Reflexionaba el ex presidente de Brasil, Fernando Henrique Cardoso sobre la crisis de los partidos diciendo cosas de interés que a todos nos tiene que mover a ponernos las pilas.
El brasileño dice que suele darse por sentado que los partidos son cruciales para la vida política moderna. Constituyen la base del sistema democrático representativo desde fines del siglo XIX. Sin embargo, sus perspectivas en las grandes democracias de hoy no parecen halagüeñas. Es más, es posible que algunas de esas poderosas máquinas políticas desaparezcan pronto.

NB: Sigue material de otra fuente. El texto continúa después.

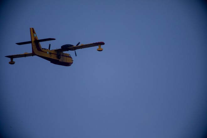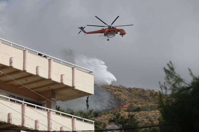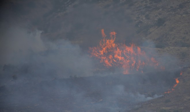 Σύμφωνα με την Πυροσβεστική, κοντά στο σημείο βρίσκονται σπίτια τα οποία δεν κινδυνεύουν καθώς η φωτιά κατευθύνεται προς δάσος.

La tierra bajo sus pies ya se está moviendo. Los partidos han fundado sus programas en divisiones ideológicas y de status que cada vez son menos importantes. Aunque la conciencia de clase sigue contando, las identidades étnicas, religiosas y sexuales tienen ya prioridad y representan afiliaciones que recorren de forma transversal los límites entre los partidos tradicionales. Las etiquetas de izquierda y derecha significan cada vez menos. Los ciudadanos tienen múltiples intereses, distintos sentimientos de pertenencia e identidades superpuestas. Algunas formaciones políticas han conseguido adaptarse.
Desplazamiento
Otros no serán tan afortunados. Existe un desplazamiento político unido a una fatiga creciente respecto de las formas tradicionales de representación. La gente ya no confía en los dirigentes políticos. Quieren más voz en los asuntos públicos y prefieren expresar sus intereses de manera directa o a través de grupos de presión, Internet y las ONG. Y, gracias a las comunicaciones modernas, los grupos cívicos pueden prescindir de los partidos para influir en la política. Estos ya no tienen el monopolio de la legitimidad. Pasó ya en la última campaña norteamericana.
Votar sigue siendo fundamental, pero para ello algunos dicen que no hacen falta estas organizaciones. Es más, cuanto más importante es el tema, más probabilidades hay de que gobiernos de lugares tan distintos como Suiza, Bolivia y California busquen la legitimidad a través de referendos. El rechazo a la Constitución Europea en Francia y los Países Bajos demuestra que los grandes partidos, muchas veces, tienen escasa capacidad de maniobra cuando se plantea un asunto directamente a la gente y ésta quiere castigar a su gobierno. Se encuentran en una coyuntura crítica: tienen que transformarse o se volverán irrelevantes. Para sobrevivir, deben elaborar agendas flexibles que no dependan de las tradicionales divisiones ideológicas y de clase. Necesitarán volver a capturar la imaginación del público. Y tendrán que aceptar que otros también merecen un sitio en la mesa política. Nadie vota por agradecimiento, sino por las ilusiones que un partido o un líder suscita en el ciudadano.
De ahí que si el PP sigue con el discurso viejo de Blas Piñar y no conecta con los deseos del ciudadano, lo va a tener cada vez peor.